I have a major problem with director Joe Wright. I think he is a technically accomplished director who creates wonderfully fluid, extravagantly choreographed shots that are entirely at odds with the content of his films. I first noticed this in ATONEMENT, where his long tracking shot on the beach at Dunkirk didn't advance either plot or character - it was a showy distraction in what should have been (viz. the novel) a tightly structured, chamber drama. Sadly, in ANNA KARENINA, this desire to be as contrived and artificial and intricately choreographed as possible has over-taken the film to the point where all passion, tragedy and joy is lost in a never-ending series of delicate backdrops that showcase the Chanel Haute Joaillerie collection. This film is not so much a tragic romance as a musical without songs, and a perfume advertisement that lasts two hours.
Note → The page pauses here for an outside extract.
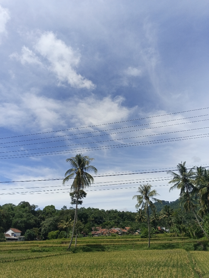 A serene landscape features a golden rice field stretching toward a backdrop of verdant trees and houses. Several slender coconut trees stand tall, their fronds reaching towards a sky filled with wispy white clouds against a blue expanse. Power lines cut across the sky, adding a human element to the natural scene. The overall impression is one of peaceful rural life.

I am not entirely sure who is to blame. Who was it that came up with the conceit to imprison what many have called the greatest novel ever written in the simplistic straitjacket of a theatre metaphor? Was it Joe Wright, or playwright/screenwriter Tom Stoppard? In their version of 1870s Imperial Russia, high society becomes a theatre in which every aristocrat has a part to play, and rules to which they must confirm, or else be brutally cast aside. This is the lesson which Anna Karenina learns when she sacrifices her son and her marriage to have an affair with the dashing Count Vronsky. He also loses - his Commission, his freedom, the respect of society - but not as much as Anna - because he can still contract a good marriage and so redeem all. Both Anna and Vronsky learn that happiness is tarnished by the exigencies of real life, and ultimately, they are made wretched by each other and their situation.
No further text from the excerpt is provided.